A general view of Greenock Prison, where convicted Lockerbie airline bomber Abdel Basset al-Megrahi was being held in Scotland.

TEXT OF INTERVIEW

Bill Radke: The Scottish Parliament meets for an emergency session today to discuss last week's release of the Lockerbie bomber. Abdel Basset al-Megrahi was convicted of bombing a Pan Am flight over Scotland in 1988 killing 270 people, most of them Americans. Outraged Americans are trying to mount an economic boycott against Scotland. Our Europe correspondent Stephen Beard is with us now. Good morning, Stephen.

Stephen Beard: Good morning Bill.

Radke: How worried are the Scots about an American boycott?

Beard: Scottish tourist officials appear worried. They're taking this threat quite seriously. They're in the middle of a promotion right now called "The Year of Homecoming," which is aimed mainly at Americans with Scottish ancestry. American tourists are important to the Scottish economy. They spend more than $400 million a year in Scotland. And the U.S. is a very important market for Scotland. It earns about $5 billion a year for Scotland.

Radke: And how much sign is there that a boycott is actually happening and hurting?

Beard:Well it doesn't appear there is any sign yet. After all, the release only happened late last week. The Scottish Whiskey Association says it's monitoring developments very closely. It says, 'we've had these boycotts in the past.' And they tend to be rather short-lived.

Radke: Scotland called this a compassionate release, but there are signs that international trade was also a factor?
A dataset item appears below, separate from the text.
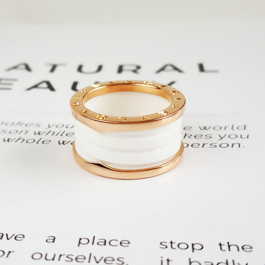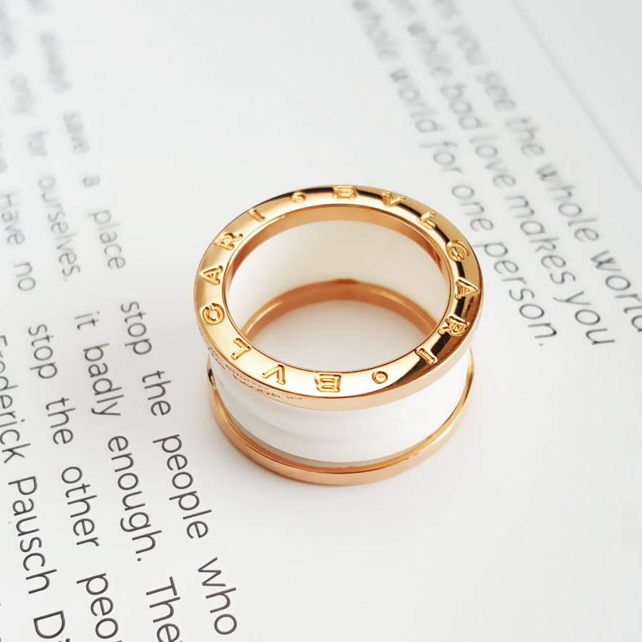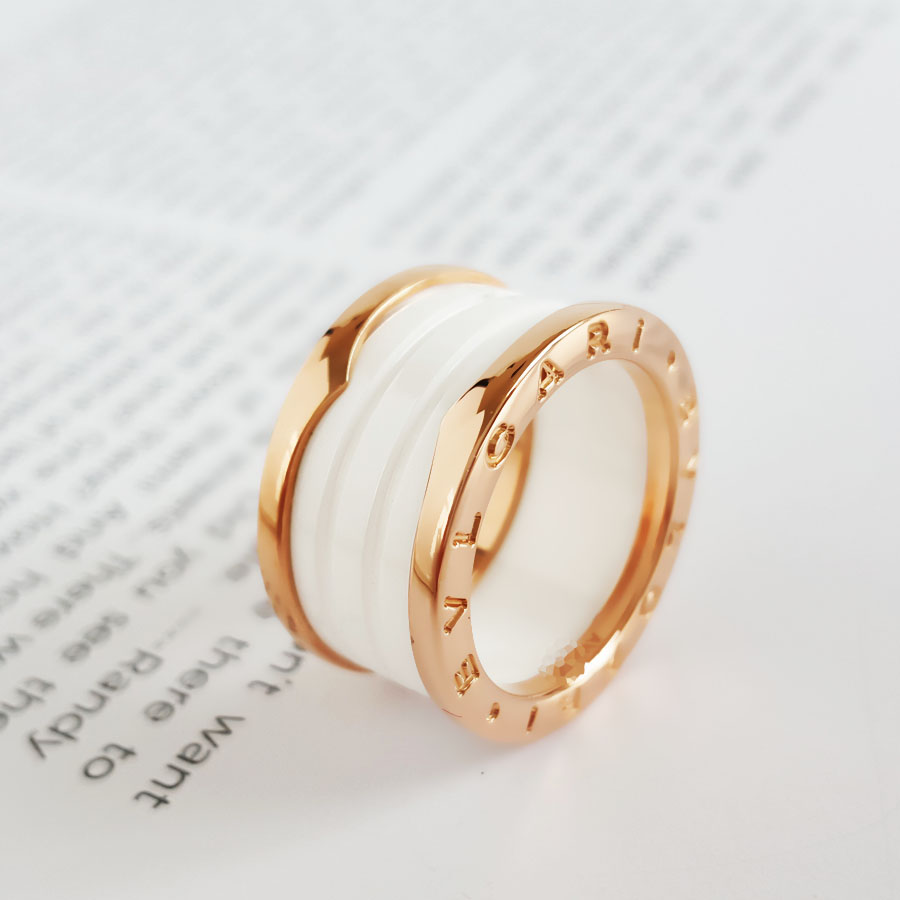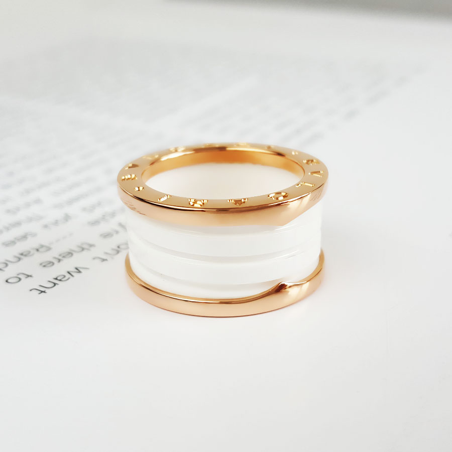 【95新】BVLGARI宝格丽B.zero1系列AN855564 18K玫瑰金白陶瓷四环弹簧戒指55号中性款现售价:4900!030425NJS116

Beard:The son of the Libyan leader Muammar al-Gaddafi is more or less quoted as saying that. That the fate of the Lockerbie bomber has figured in all the major trade talks between Libya and the U.K. The British government in London denies absolutely there's been any linkage, but there has been a lot of speculation that London may have brought a lot of pressure to bear on the Scottish government, on the Scottish administration. Whatever happens, it does seem that while Britain as a whole might benefit from greater access to Libyan oil and gas, for example, Scotland seems more likely to suffer the consequences and bear the brunt of American anger.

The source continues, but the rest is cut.